在不进行跟踪时，tf.GradientTape 是一个提供最佳性能的可选特性。因为每次调用都会发生不同的操作，因此所有向前传播操作都会被记录在一个 “tape” 中。为了计算梯度，需要向后播放 tape，然后丢弃。一个特定的 tf.GradientTape 只能计算一个梯度，之后的调用会导致运行时错误。

w = tf.Variable([[1.0]])
with tf.GradientTape() as tape:
  loss = w * w
grad = tape.gradient(loss, w)
print(grad)  # => tf.Tensor([[ 2.]], shape=(1, 1), dtype=float32)

这是 tf.GradientTape 在训练简单模型时记录向前传播操作的一个示例:

# A toy dataset of points around 3 * x + 2
NUM_EXAMPLES = 1000
training_inputs = tf.random_normal([NUM_EXAMPLES])
noise = tf.random_normal([NUM_EXAMPLES])
training_outputs = training_inputs * 3 + 2 + noise
def prediction(input, weight, bias):
  return input * weight + bias
# A loss function using mean-squared error
def loss(weights, biases):
  error = prediction(training_inputs, weights, biases) - training_outputs
  return tf.reduce_mean(tf.square(error))
# Return the derivative of loss with respect to weight and bias
def grad(weights, biases):
  with tf.GradientTape() as tape:
    loss_value = loss(weights, biases)
  return tape.gradient(loss_value, [weights, biases])
train_steps = 200
learning_rate = 0.01
# Start with arbitrary values for W and B on the same batch of data
W = tf.Variable(5.)
B = tf.Variable(10.)
print("Initial loss: {:.3f}".format(loss(W, B)))
for i in range(train_steps):
  dW, dB = grad(W, B)
  W.assign_sub(dW * learning_rate)
  B.assign_sub(dB * learning_rate)
  if i % 20 == 0:
    print("Loss at step {:03d}: {:.3f}".format(i, loss(W, B)))
print("Final loss: {:.3f}".format(loss(W, B)))
print("W = {}, B = {}".format(W.numpy(), B.numpy()))

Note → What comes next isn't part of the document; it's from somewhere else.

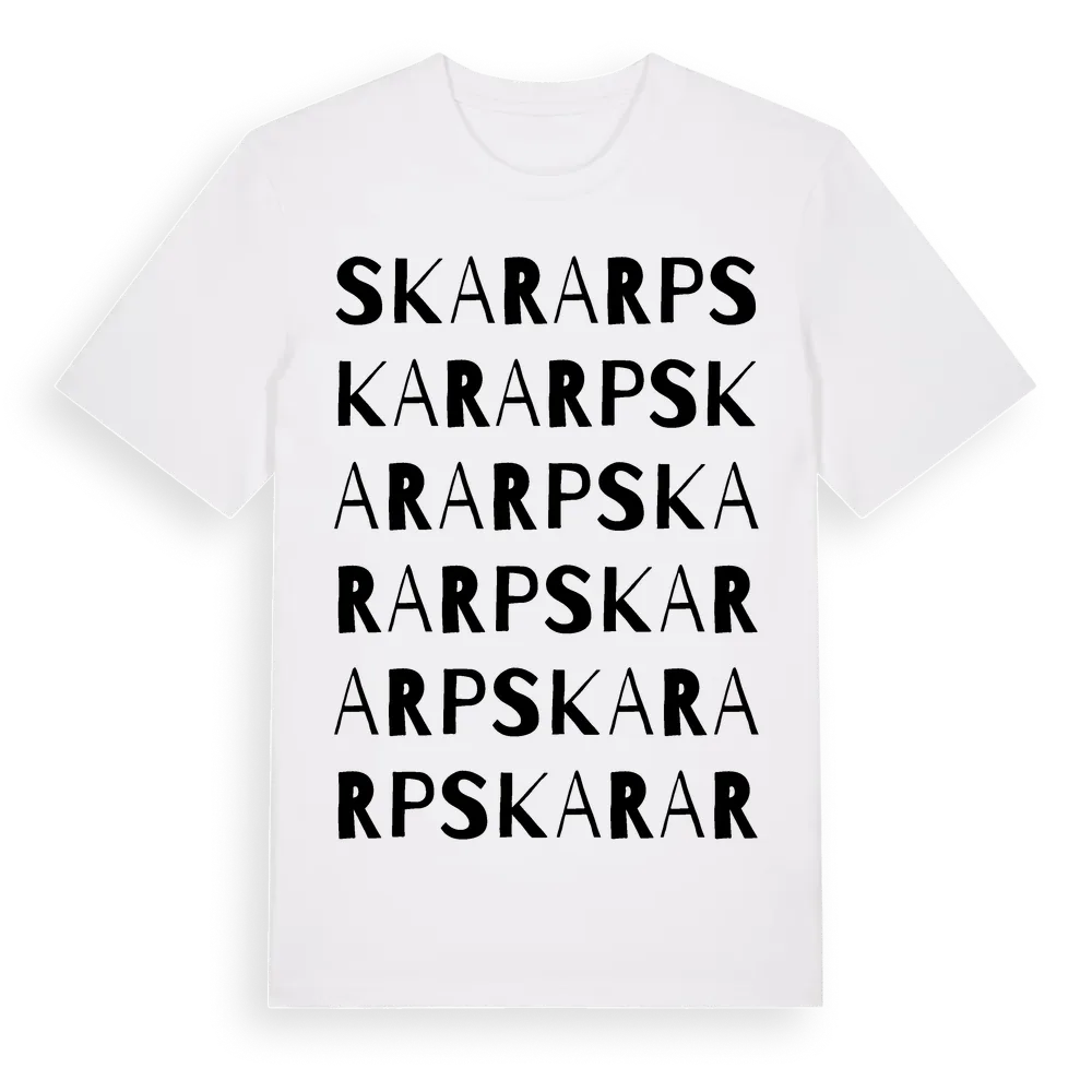En ordlek byggd på Skararps namn. Subtilt och klurig – ett motiv som bara de som verkligen känner platsen fullt ut förstår. Premium bomull, unisex – från Skararp i Hallands län.

Output (exact numbers may vary):

Initial loss: 71.204
Loss at step 000: 68.333
Loss at step 020: 30.222
Loss at step 040: 13.691
Loss at step 060: 6.508
Loss at step 080: 3.382
Loss at step 100: 2.018
Loss at step 120: 1.422
Loss at step 140: 1.161
Loss at step 160: 1.046
Loss at step 180: 0.996
Final loss: 0.974
W = 3.01582956314, B = 2.1191945076

重放 tf.GradientTape 来计算梯度并应用在循环训练中。这在 mnist_eager.py 中有演示示例：

dataset = tf.data.Dataset.from_tensor_slices((data.train.images,
                                              data.train.labels))
...
for (batch, (images, labels)) in enumerate(dataset):
  ...
  with tf.GradientTape() as tape:
    logits = model(images, training=True)
    loss_value = loss(logits, labels)
  ...
  grads = tape.gradient(loss_value, model.variables)
  optimizer.apply_gradients(zip(grads, model.variables),
                            global_step=tf.train.get_or_create_global_step())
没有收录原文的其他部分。